» **Work instruction**: Look for the line containing "1-gallon jug SKU: C350-1G" and the line containing "Image Clear Ultrasound" in the entries below. Copy those two and all lines between them exactly, leaving out pictures.

» **Stored data entries**:
________________________
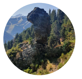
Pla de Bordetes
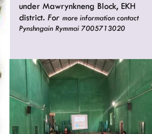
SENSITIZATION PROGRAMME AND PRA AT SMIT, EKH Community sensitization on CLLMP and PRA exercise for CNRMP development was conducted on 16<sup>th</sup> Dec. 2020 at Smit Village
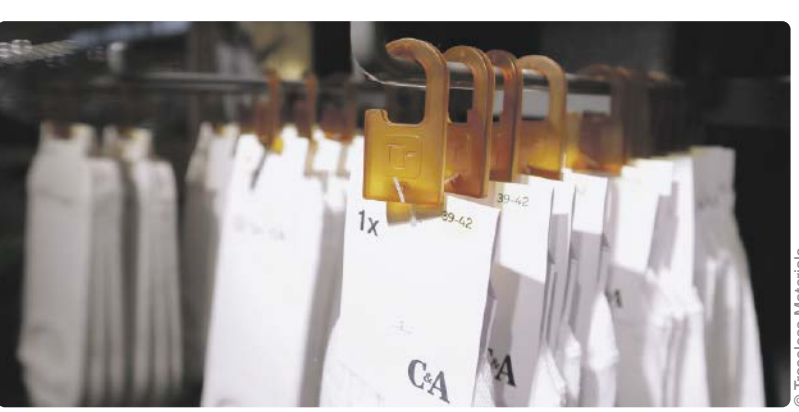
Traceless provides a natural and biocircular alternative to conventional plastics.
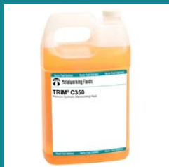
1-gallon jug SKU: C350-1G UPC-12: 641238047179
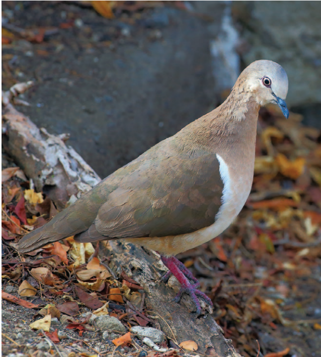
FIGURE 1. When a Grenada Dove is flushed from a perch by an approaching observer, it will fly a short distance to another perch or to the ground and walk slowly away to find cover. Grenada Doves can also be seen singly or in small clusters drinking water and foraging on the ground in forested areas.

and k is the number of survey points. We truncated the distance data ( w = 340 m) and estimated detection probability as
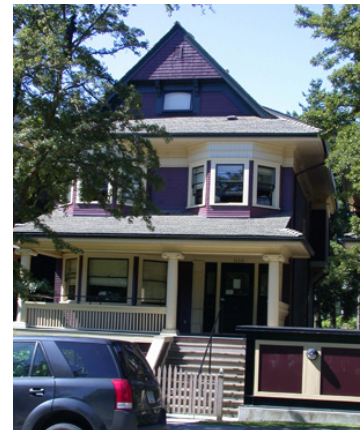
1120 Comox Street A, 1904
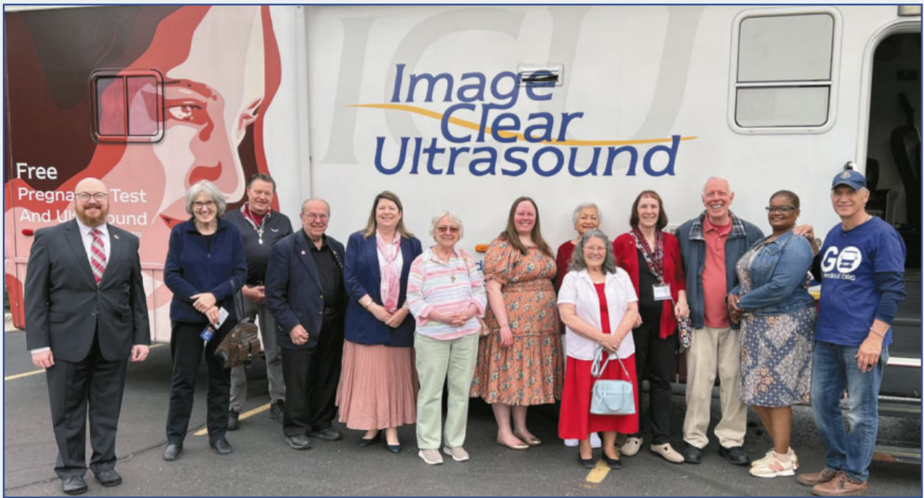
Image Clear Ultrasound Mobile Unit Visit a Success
________________________
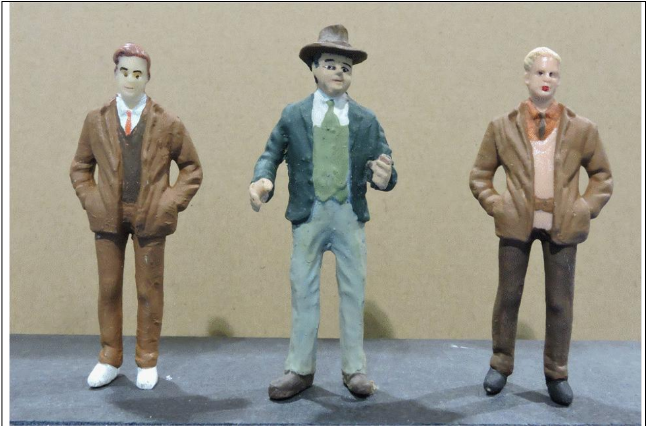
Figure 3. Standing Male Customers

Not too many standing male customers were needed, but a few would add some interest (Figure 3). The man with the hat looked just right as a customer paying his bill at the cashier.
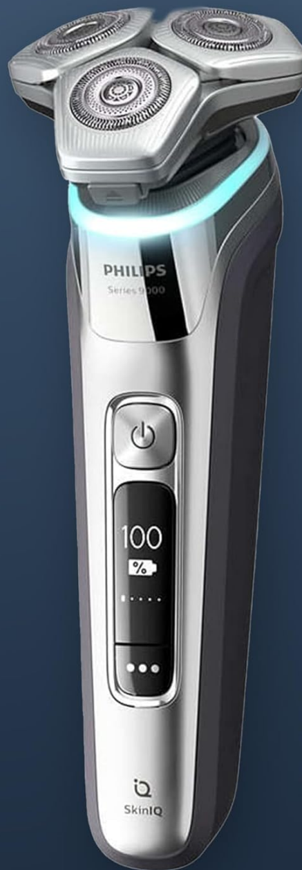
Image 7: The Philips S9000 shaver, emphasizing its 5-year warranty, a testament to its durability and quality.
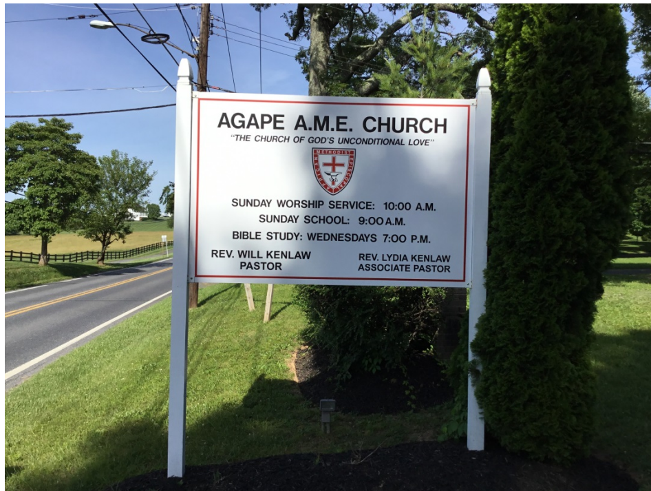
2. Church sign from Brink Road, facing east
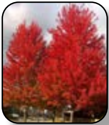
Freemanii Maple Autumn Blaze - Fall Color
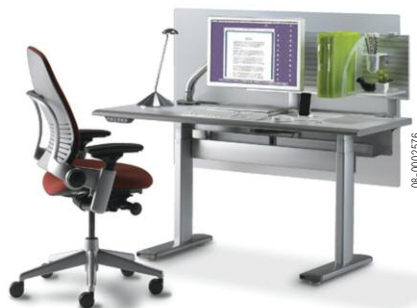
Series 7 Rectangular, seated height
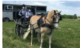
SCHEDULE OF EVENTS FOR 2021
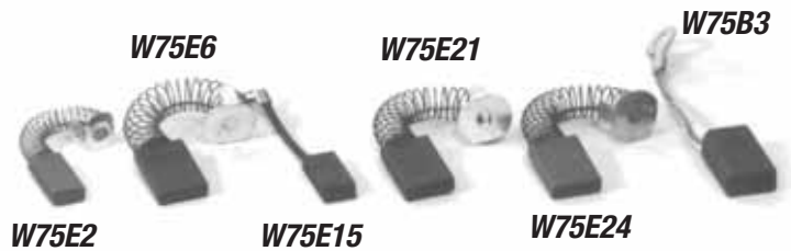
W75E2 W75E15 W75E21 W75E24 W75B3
________________________
» **Solved exercise**:
1-gallon jug SKU: C350-1G UPC-12: 641238047179
FIGURE 1. When a Grenada Dove is flushed from a perch by an approaching observer, it will fly a short distance to another perch or to the ground and walk slowly away to find cover. Grenada Doves can also be seen singly or in small clusters drinking water and foraging on the ground in forested areas.

and k is the number of survey points. We truncated the distance data ( w = 340 m) and estimated detection probability as
1120 Comox Street A, 1904
Image Clear Ultrasound Mobile Unit Visit a Success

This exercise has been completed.